Today, while startups and tech giants alike are scrambling to address the large language model (LLM) opportunity, deepset can credibly claim 5 years of experience building tools to address the opportunities of AI-driven natural language processing.
deepset’s vision statement
We help enterprise product teams successfully build and launch NLP-powered applications. There’s still a huge disconnect — when implementing NLP — between the data science and the application development teams, not mentioning the challenges of the enterprise product owners. The NLP product lifecycle often resembles a long-cycle ‘waterfall’ approach, doesn’t align with the modern application development, and is still very far from being an ‘agile’ NLP. We’ve put years of our field expertise and know-how’s into deepset Cloud so that the product teams can define their application architecture, start building, and show results quickly to the business users — minimizing the risks of failure, greatly improving time-to-results, and optimizing the costs of implementation.
- 50 employees
- double digit customers
- $43M raised to date (excluding pre-seed and seed rounds):
- Series A – April 2022: $14M led by GV with Harpoon Ventures, Acequia Capital.

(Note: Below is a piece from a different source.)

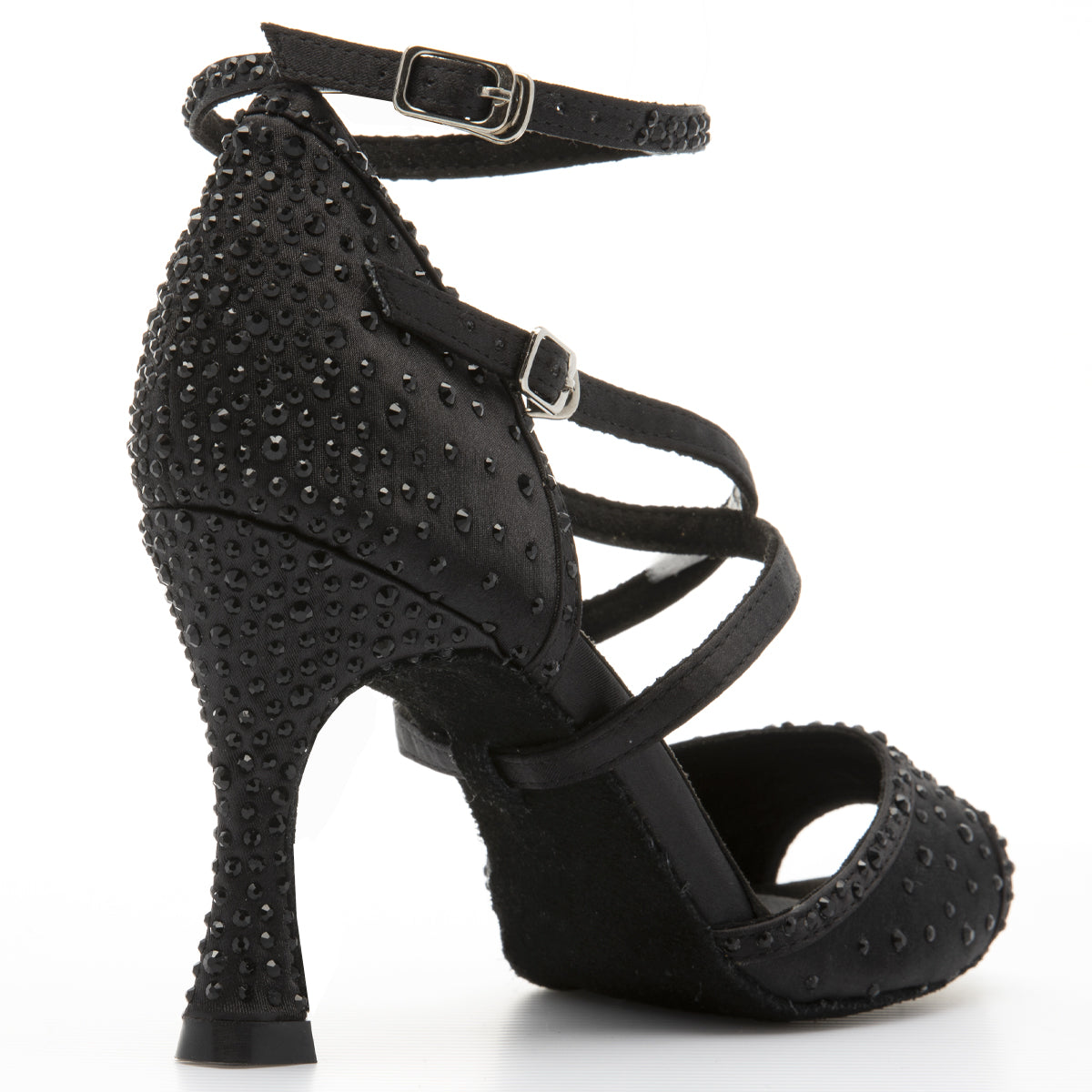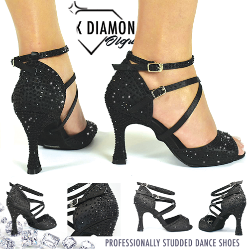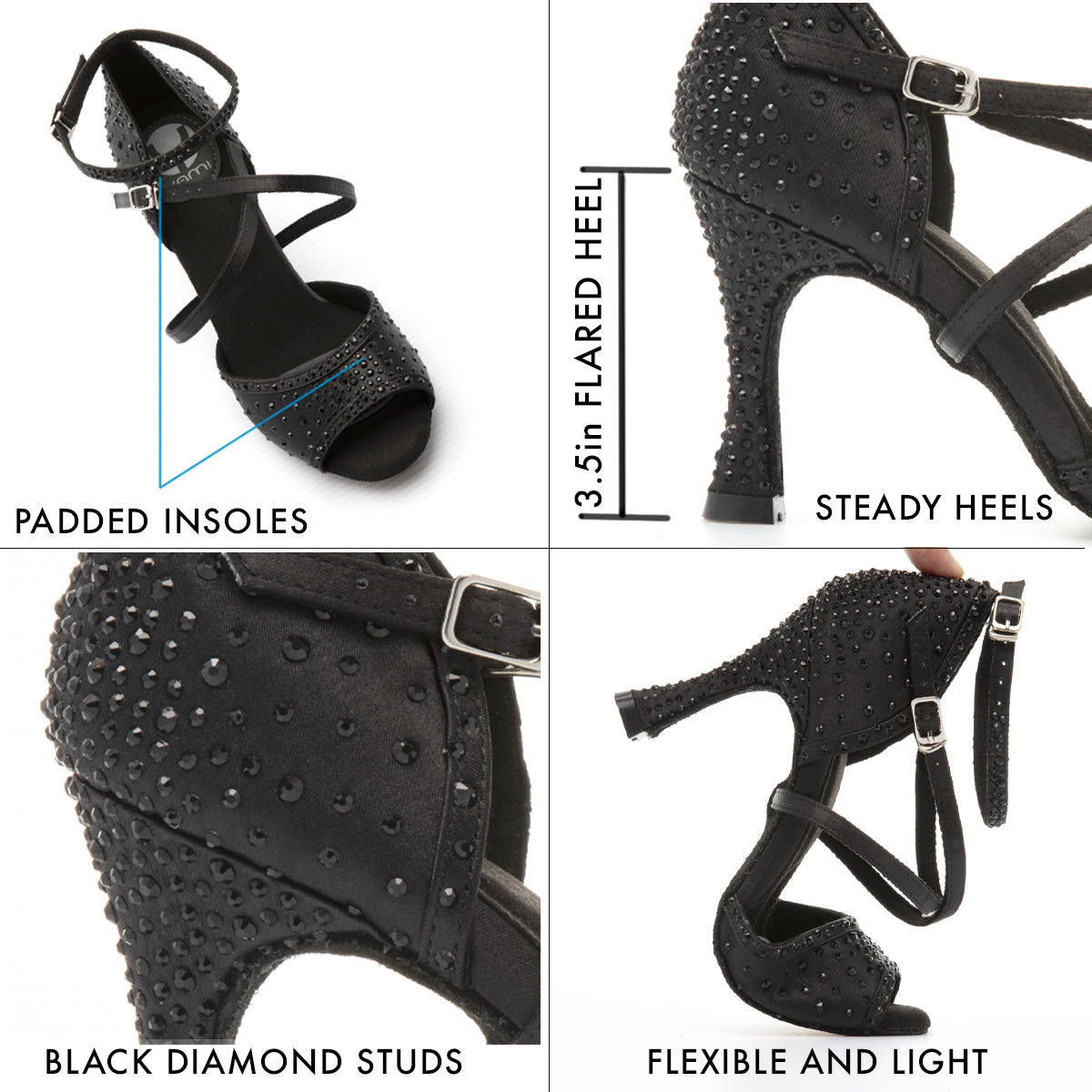Glamorous Design: The Olguita Latin Dance Shoe is made of elegant black satin material and adorned with captivating black diamond faceted studs, giving off a brilliant sheen that adds a touch of glamour to your dance attire.

- Series B – August 2023: $30M led by Balderton Capital with participation from GV and Harpoon Ventures
- Initial sales focus in EMEA, now targeting sales in the USA and growing headcount accordingly
deepset Cloud is an enterprise-featured SaaS for building custom NLP-powered applications. The managed platform supports enterprise features for search, content summarisation and generation, and Retrieval-Augmented Generation (RAG), a reinforcement learning technique designed to reduce LLM’s AI “hallucinations” – that is, wrong answers confidently stated by an LLM-based system.
RAG is all the rage in the fast-moving LLM world right now, potentially offering the means to reduce the risks of “hallucinations”, one of LLM’s biggest drawbacks. It allows you to blend both generative and retrieval-based approaches. Information retrieval is about fetching information from datasets in order to provide relevant responses, while generative models–such as Generative Pre-trained Transformer (GPT) models–generate text from the model itself – creative perhaps but sometimes deeply wrong. RAG then is likely to be a critically important approach in safer, more trusted AI; deepset is working with customers using RAG to improve the NLP products they’re building. Enterprises want to use their own datasets to augment LLM models.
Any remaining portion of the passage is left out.